Per-user data files¶
Each contributor gets their own file (data/terms/{username}.json). Seed data
uses the _seed_ prefix (data/terms/_seed_economics.json). All files are
loaded together at runtime via glob — the distinction is purely organizational.
GitHub identity via gh CLI¶
Username auto-detected with gh api user --jq .login (cached with lru_cache).
No manual --user flags needed. Requires gh auth login as a one-time setup.
Pydantic for schemas¶
Type safety + auto JSON Schema generation + validation in one place.

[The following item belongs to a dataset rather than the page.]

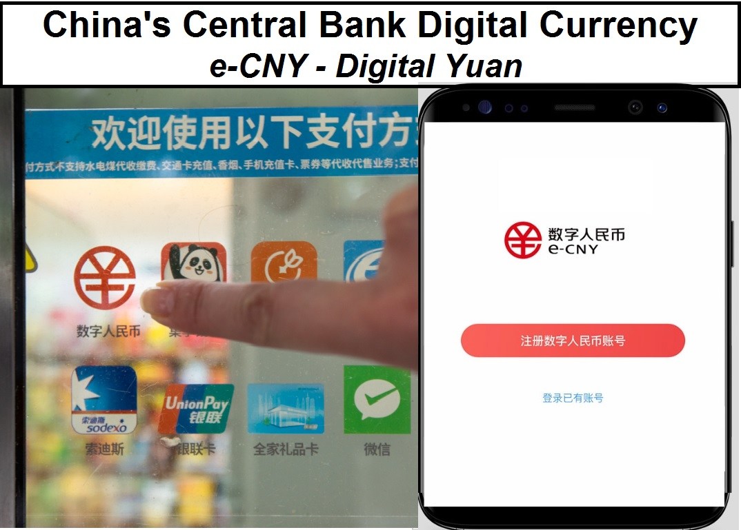 China’s CBDC is referred to as a “digital yuan,” or e-CNY, and it is issued by the People’s Bank of China (PBOC). It is different from cryptocurrencies which are “de-centralized” and privately run, and it is also different from other currently available online payment systems in China, such as WeChat Pay and Alipay.

Models serve double duty as the validation layer and the documentation of the data format.
Similarity as a trigger, not a grade¶
Character-level Jaccard similarity (_char_overlap) is computed for each
translation, but it’s used as an informational metric and a trigger: when
similarity falls below 85%, the user is prompted for why their translation
differs (formal/informal register, regional preference, context, abbreviation,
alternative technical term, etc.). This captures the variation and the
reasoning behind it — the most valuable data for improving the translator.
XP stored per-user in JSON¶
Each user gets a separate file (results/xp/{username}.json). Avoids write
conflicts when multiple RAs work simultaneously. Aggregation happens at display
time.
Recursive add() for “add another”¶
The add command calls itself recursively to allow adding multiple entries in
one session without restarting. Simple and works well for CLI UX.
Directory Layout¶
benchmark.translate-zh-cn/
├── data/
│ ├── terms/
│ │ ├── _seed_economics.json # Seeded terms (read-only, by domain)

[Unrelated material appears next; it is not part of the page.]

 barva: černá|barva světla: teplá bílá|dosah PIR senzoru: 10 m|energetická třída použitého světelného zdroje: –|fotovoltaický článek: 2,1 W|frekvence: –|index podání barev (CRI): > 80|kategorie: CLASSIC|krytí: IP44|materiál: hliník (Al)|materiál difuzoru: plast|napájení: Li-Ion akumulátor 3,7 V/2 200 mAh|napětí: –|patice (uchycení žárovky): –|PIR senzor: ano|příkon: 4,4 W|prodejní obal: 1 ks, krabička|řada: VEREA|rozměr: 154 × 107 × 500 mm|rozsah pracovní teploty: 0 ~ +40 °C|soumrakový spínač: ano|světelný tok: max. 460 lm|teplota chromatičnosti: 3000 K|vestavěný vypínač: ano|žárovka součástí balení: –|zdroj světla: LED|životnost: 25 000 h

│ │ ├── _seed_mathematics.json
│ │ ├── ... # 15 seed files total, 314 terms
│ │ └── {username}.json # Per-user contributions
│ ├── sentences/*.json # Sentence entries (same pattern)

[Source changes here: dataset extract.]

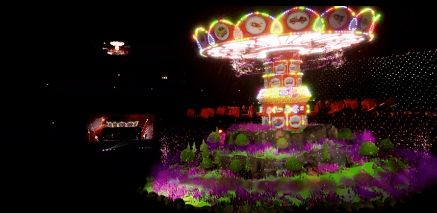 如梦如幻的游乐园,不停旋转的彩色木马,一轮高挂在天边的红色血月……捕梦网的成员们在富有空间感的舞台上进行一首又一首的歌曲表演,而XR技术则将观众的视觉、听觉带到她们所创造的童话世界中,共同沉浸在嘉年华式的派对氛围。

│ └── paragraphs/*.json # Paragraph entries (same pattern)
├── results/
│ ├── translations/ # User translation attempts (JSONL per user)
│ ├── xp/ # XP totals per user (JSON per user)
│ └── elo.json # Model Elo ratings (future)
├── docs/
│ ├── _static/dashboard/ # Chart.js dashboard + exported JSON
│ └── ... # MyST documentation
├── config.yaml # Language pair, domains, targets
└── src/qebench/ # Python package (see Module Map above)Configuration¶
All language-specific settings live in config.yaml:
language_pair:
source: en
target: zh-cn
domains:
- economics
- mathematics
- statistics
# ...
targets:
terms: 500
sentences: 100
paragraphs: 30The CLI code is language-agnostic — it reads domain lists and targets from config at runtime. This makes it possible to extract the tool for other language pairs later.